10. The method of claim 9, wherein the nucleic acids of the sample are amplified prior to hybridization.

11. The method of claim 9, wherein the sample is from a subject with colon cancer and comparison with a standard indicates early, mid or late stage of the disease or, after treated with a therapeutic agent, remission.

12. A method of screening a plurality of molecules or compounds to identify a molecule or compound which specifically binds a cDNA, the method comprising:

a) contacting the combination of claim 1 with the plurality of molecules or compounds under conditions to allow specific binding; and

b) detecting specific binding between each cDNA and at least one molecule or compound, thereby identifying a molecule or compound that specifically binds to each cDNA.

13. The method of claim 12 wherein the plurality of molecules or compounds are selected from DNA molecules, enhancers, mimetics, peptide nucleic acids, proteins, repressors, regulatory proteins, RNA molecules, and transcription factors.

14. An isolated cDNA selected from SEQ ID NOs:1, 2, 5-7, 9, 10, 12, 18, 19, 21, 23, 25, 26, 33, 45-47, 58, 60, and 61 and the complements thereof.

15. A vector containing the cDNA of claim 14.

16. A host cell containing the vector of claim 15.

17. A method for producing a protein, the method comprising the steps of:

a) culturing the host cell of claim 15 under conditions for expression of protein; and

b) recovering the protein from the host cell culture.

18. A protein or a portion thereof produced by the method of claim 17.

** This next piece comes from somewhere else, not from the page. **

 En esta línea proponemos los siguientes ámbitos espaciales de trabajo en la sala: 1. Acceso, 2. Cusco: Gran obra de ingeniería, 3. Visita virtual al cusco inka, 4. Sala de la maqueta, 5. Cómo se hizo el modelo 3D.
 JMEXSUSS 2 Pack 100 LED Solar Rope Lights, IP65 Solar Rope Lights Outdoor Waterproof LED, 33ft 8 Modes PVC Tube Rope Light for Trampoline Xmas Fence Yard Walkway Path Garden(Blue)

19. A method for using a protein to screen a plurality of molecules or compounds to identify at least one ligand which specifically binds the protein, the method comprising:

a) combining the protein of claim 18 with the plurality of molecules or compounds under conditions to allow specific binding; and

b) detecting specific binding between the protein and a molecule or compound, thereby identifying a ligand which specifically binds the protein.

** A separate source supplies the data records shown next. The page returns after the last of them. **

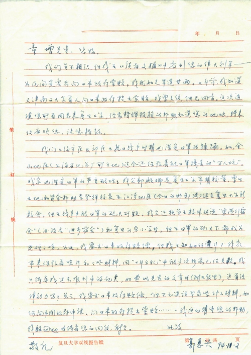 我们上海市区及郊区在抗日战争时期也深受日军的蹂躏。如,金山地区(伤害石化总厂所在地)迄今还保存着被日本残杀的“万人坑”。我家也深受日军的严重破坏:我父郭殿卿是复旦大学早期校董,曾以土地和资金帮助李登辉校长在江湾地区(今日的邯郸路)建立复旦大学新校舍。但在战争中被日军的[炮]火所毁。我父还独资在校外建造。“宋港分宿舍”(后改名“进步宿舍”)和复旦义务小学等,当在日军的[炮]火下都成为瓦砾之场。为此,我要求日本政府赔偿,当我不知如何进行?我家本来保存着照片和一些材料,因“十年方乱”中被多次抄家,已经失散。我只得寻找过去报刊中的纪实,如费巩先生的文章等(附在信里),这有法律效力吗?总之,我要求日本政府赔偿,但不知道该准备些什么材料,如何向中国政府申诉,向日本政府提出索赔……。我迫切期望您的帮助,我殷切地等待看您的回信,回信。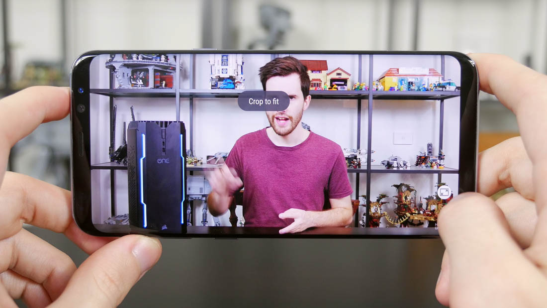 Samsung has a similar button that appears while watching videos in apps like YouTube and so forth, however this button simply zooms in the content to occupy the entire display. Some may prefer this viewing experience, though as it crops off the top and bottom of the video, it's not a favorite of mine. I'd rather watch with small black bars.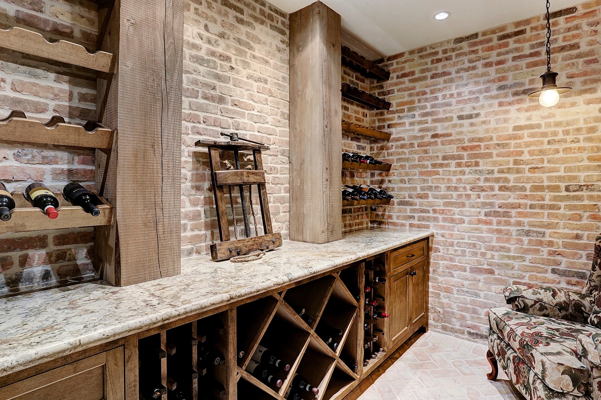 Кухня из кирпича и дерева в деревенском стиле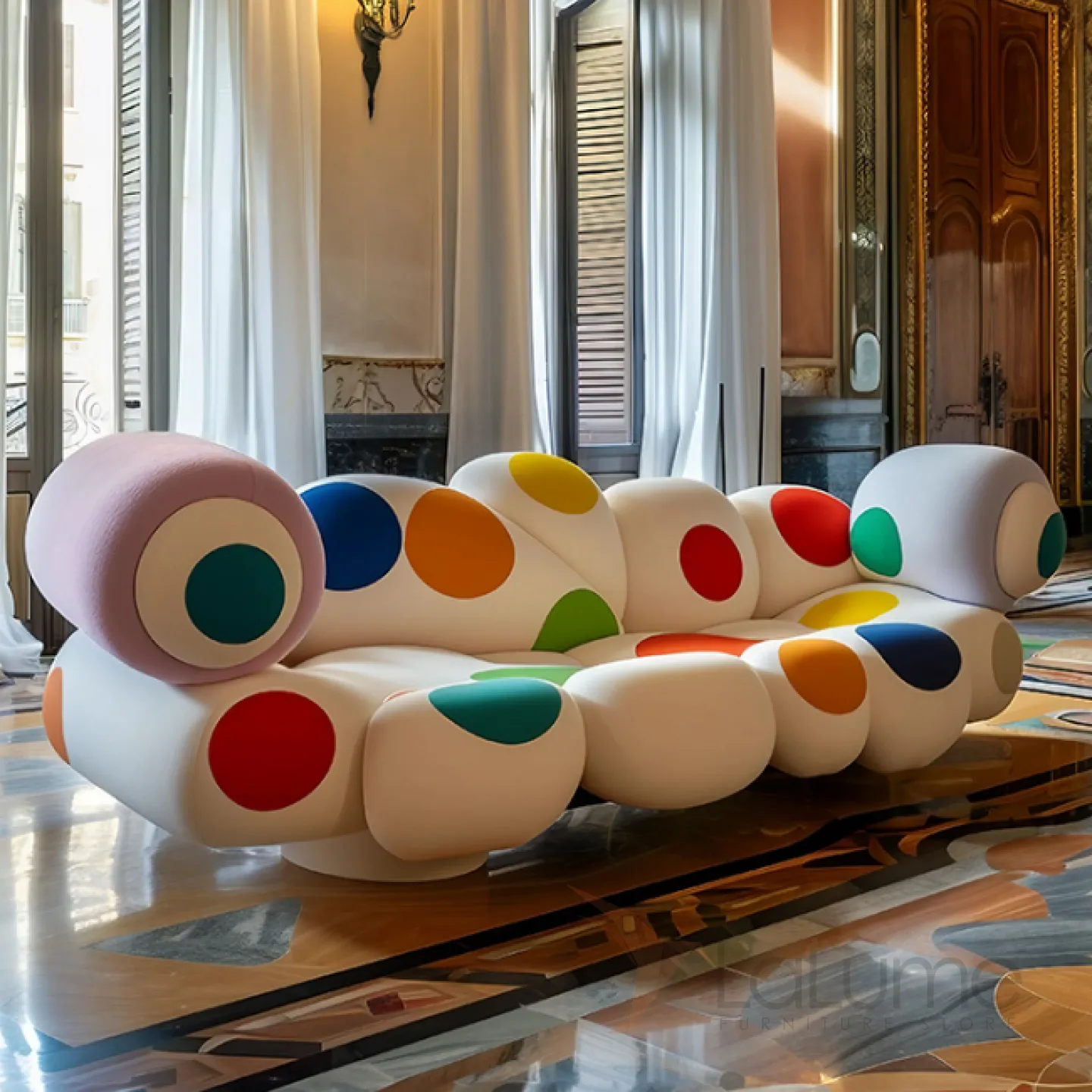 Этот диван создан с уникальным дизайном и изготовлен из премиальной мебельной ткани. Внутри — мягкий пенополиуретан, обеспечивающий комфорт. Диван рассчитан на троих или четверых человек.

20. A method of using a protein to produce an antibody, the method comprising:

a) immunizing an animal with the protein of claim 17 under conditions to elicit an antibody response;

b) isolating animal antibodies; and

c) screening the isolated antibodies with the protein, thereby identifying an antibody which specifically binds the protein.